* [Problem details]
The records below are to be transcribed exactly, with the pictures removed.

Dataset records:
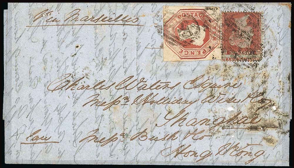 Great Britain: 1854 (4 Aug.) entire to Hong Kong "Via Marseilles" bearing 1d. Stars on blued paper (misperf. showing value at top) with Embossed 10d. brown die 2 with good to very large margins all round, tied by barred oval numerals and bearing, on the reverse, Douglas, Isle of Man despatch c.d.s. in green, London transit and part Hong Kong arrival. A clean and very attractive cover; it is rare to find the embossed stamps with such good margins all round and so fine. Photo
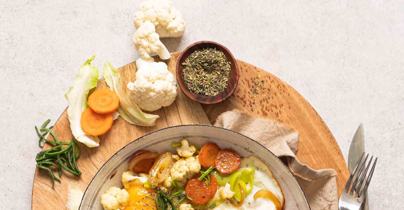 Cibuli nakrájejte na měsíčky, mrkev a pórek na kolečka. Květák rozeberte na menší růžičky.
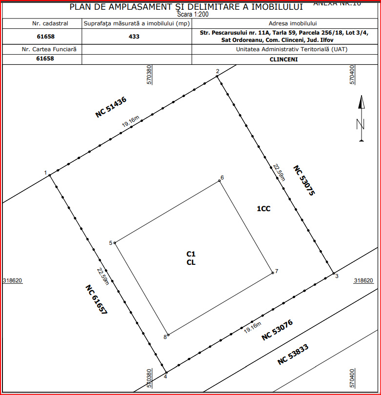 Terenul are o suprafață de 443 mp și o deschidere stradală de 20 ml.
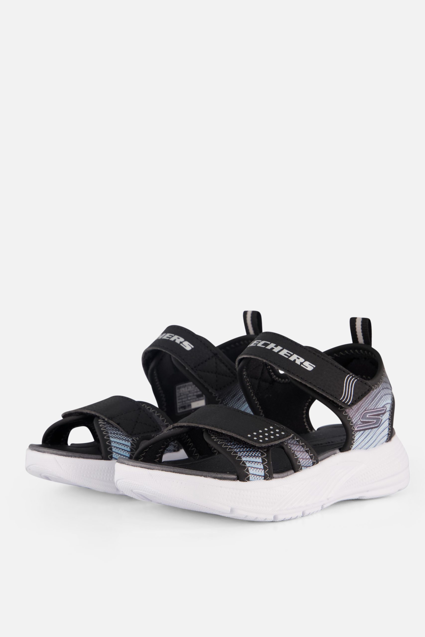 Deze Skechers Microspec Splash sandalen zijn volledig gemaakt van textiel. Voorzien van een handige klittenbandlsuiting en een comfort voetbed. De zool is gemaakt van rubber en zorgt voor grip en stabiliteit.
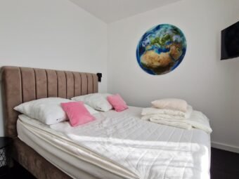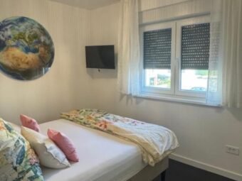 In allen Räumen außer den Schlafzimmern ist elektrische Fußbodenheizung installiert, und es gibt drei Klimaanlagen – eine im Wohnzimmer und je eine in den Schlafzimmern.
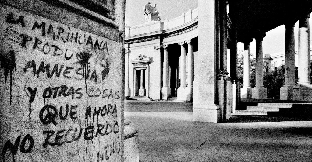 A pocos metros de este lúcido argumento sobre la marihuana, en la base de una columna,
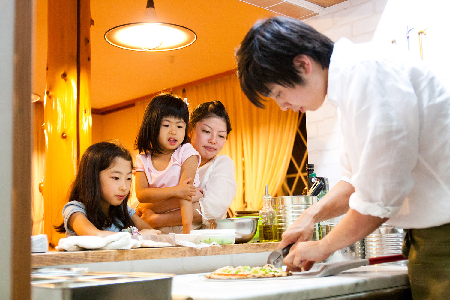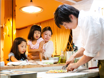 目の前で焼き上がるピザにお子様は興味津々!野菜たっぷりのピザも美味しく食べてくれています♪
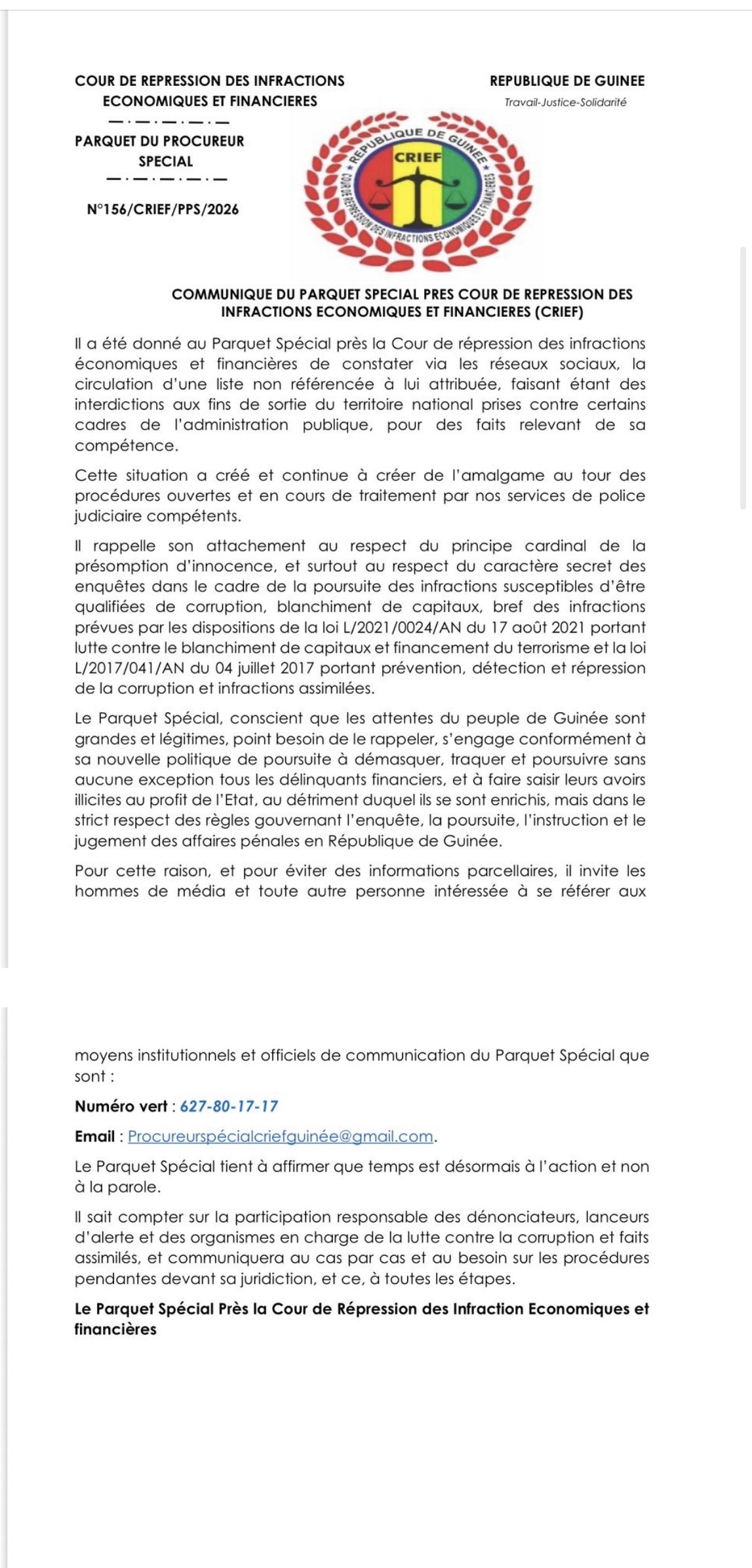 Le parquet spécial près la Cour de répression des infractions économiques et financières (CRIEF) a démenti catégoriquement la publication d’une liste « non référencée » interdisant à une centaine de cadres de l’administration publique guinéenne de quitter le territoire. Ce démenti vise à clarifier la confusion et les amalgames créés par la diffusion de cette information, notamment en ce qui concerne les procédures ouvertes et en cours de traitement par les services de police judiciaire compétents.
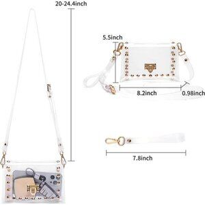 ✅ New Product ✅ 【Stadium Approved & Lightweight】MOETYANG Golden Clear Purse is specially designed for stadium or sports events, completely meets Stadium Tournament Bag Policy (Stadium approved dimension is 12x6x12 inch), this transparent purse can help sports fans pass the security check quickly and easily, perfect purse for gameday of venues requiring a clear bag 【Plenty Space & No Smell】8.5x0.6x5.5 inch, one main access compartment, this clear crossbody purse fits for iPhone 13Pro Max, sun glasses, keys, lipsticks, pens, tickets, plenty room for stadium necessities. The clear purse for women is made of 1mm thickness PVC, no toxic and smell, waterproof and easy to clean 【Adjustable Shoulder Strap & Stylish Rivet Decor】This small clear purse is stylish and fashion, you can wear it as clear shoulder bag, clear clutch, clear crossbody bag, even a 5'8'' lady can wear it as clear crossbody purse, matching all your clothes and shoes,can be dressy or casual. And you can wear this clear crossbody bag, happy to put your hands up,cheering on your favorite team, enjoy sports games or music 【Practical & Sparkle for All Occasions】This clear stadium bag crossbody will be handy for all those sports events, gamedays, summer vacations, concerts and flights, shopping, any outdoor activities and daily uses, it's also a perfect present for girlfriends, daughter, mother, classmates or family members MOETYANG always focuses on well-made products, and offer you enjoyable shopping experience。Don't
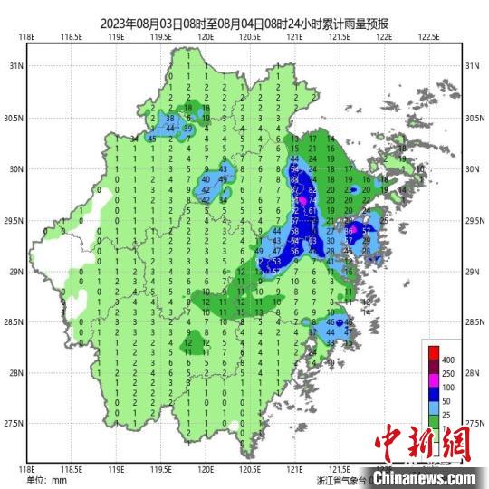 8月3日8時至8月4日8時浙江雨量預(yù)報圖。浙江省氣象臺供圖
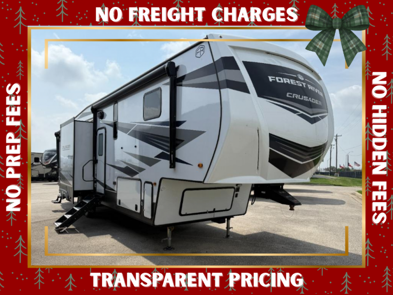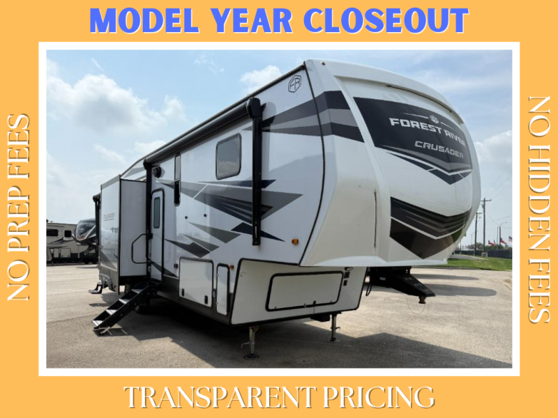 The Crusader fifth wheels by Prime Time RV are a step above the rest and it's not hard to see why. Each model has been constructed to last with its Eternabond construction, a one-piece PVC roof, and high gloss gel coat fiberglass exterior. The auto leveling system and the comprehensive universal docking center will have you set up to camp in no-time, and there is a convenient bottle opener and Doggy D-ring for your furry companions. You will fall in love with the interior that includes heat rated solid surface countertops, designer Carefree linoleum with Scotchgard technology, hardwood cabinet doors, and many more residential comforts. The Crusader also comes standard with dual 15,000 BTU A/C units, a 35,000 BTU high capacity gas furnace, a tankless on-demand water heater, and the Extreme Thermal Package Plus, making your camping season year-around!

* [Result of the exercise]
 Great Britain: 1854 (4 Aug.) entire to Hong Kong "Via Marseilles" bearing 1d. Stars on blued paper (misperf. showing value at top) with Embossed 10d. brown die 2 with good to very large margins all round, tied by barred oval numerals and bearing, on the reverse, Douglas, Isle of Man despatch c.d.s. in green, London transit and part Hong Kong arrival. A clean and very attractive cover; it is rare to find the embossed stamps with such good margins all round and so fine. Photo
 Cibuli nakrájejte na měsíčky, mrkev a pórek na kolečka. Květák rozeberte na menší růžičky.
 Terenul are o suprafață de 443 mp și o deschidere stradală de 20 ml.
 Deze Skechers Microspec Splash sandalen zijn volledig gemaakt van textiel. Voorzien van een handige klittenbandlsuiting en een comfort voetbed. De zool is gemaakt van rubber en zorgt voor grip en stabiliteit.
 In allen Räumen außer den Schlafzimmern ist elektrische Fußbodenheizung installiert, und es gibt drei Klimaanlagen – eine im Wohnzimmer und je eine in den Schlafzimmern.
 A pocos metros de este lúcido argumento sobre la marihuana, en la base de una columna,
 目の前で焼き上がるピザにお子様は興味津々!野菜たっぷりのピザも美味しく食べてくれています♪
 Le parquet spécial près la Cour de répression des infractions économiques et financières (CRIEF) a démenti catégoriquement la publication d’une liste « non référencée » interdisant à une centaine de cadres de l’administration publique guinéenne de quitter le territoire. Ce démenti vise à clarifier la confusion et les amalgames créés par la diffusion de cette information, notamment en ce qui concerne les procédures ouvertes et en cours de traitement par les services de police judiciaire compétents.
 ✅ New Product ✅ 【Stadium Approved & Lightweight】MOETYANG Golden Clear Purse is specially designed for stadium or sports events, completely meets Stadium Tournament Bag Policy (Stadium approved dimension is 12x6x12 inch), this transparent purse can help sports fans pass the security check quickly and easily, perfect purse for gameday of venues requiring a clear bag 【Plenty Space & No Smell】8.5x0.6x5.5 inch, one main access compartment, this clear crossbody purse fits for iPhone 13Pro Max, sun glasses, keys, lipsticks, pens, tickets, plenty room for stadium necessities. The clear purse for women is made of 1mm thickness PVC, no toxic and smell, waterproof and easy to clean 【Adjustable Shoulder Strap & Stylish Rivet Decor】This small clear purse is stylish and fashion, you can wear it as clear shoulder bag, clear clutch, clear crossbody bag, even a 5'8'' lady can wear it as clear crossbody purse, matching all your clothes and shoes,can be dressy or casual. And you can wear this clear crossbody bag, happy to put your hands up,cheering on your favorite team, enjoy sports games or music 【Practical & Sparkle for All Occasions】This clear stadium bag crossbody will be handy for all those sports events, gamedays, summer vacations, concerts and flights, shopping, any outdoor activities and daily uses, it's also a perfect present for girlfriends, daughter, mother, classmates or family members MOETYANG always focuses on well-made products, and offer you enjoyable shopping experience。Don't
 8月3日8時至8月4日8時浙江雨量預(yù)報圖。浙江省氣象臺供圖
 The Crusader fifth wheels by Prime Time RV are a step above the rest and it's not hard to see why. Each model has been constructed to last with its Eternabond construction, a one-piece PVC roof, and high gloss gel coat fiberglass exterior. The auto leveling system and the comprehensive universal docking center will have you set up to camp in no-time, and there is a convenient bottle opener and Doggy D-ring for your furry companions. You will fall in love with the interior that includes heat rated solid surface countertops, designer Carefree linoleum with Scotchgard technology, hardwood cabinet doors, and many more residential comforts. The Crusader also comes standard with dual 15,000 BTU A/C units, a 35,000 BTU high capacity gas furnace, a tankless on-demand water heater, and the Extreme Thermal Package Plus, making your camping season year-around!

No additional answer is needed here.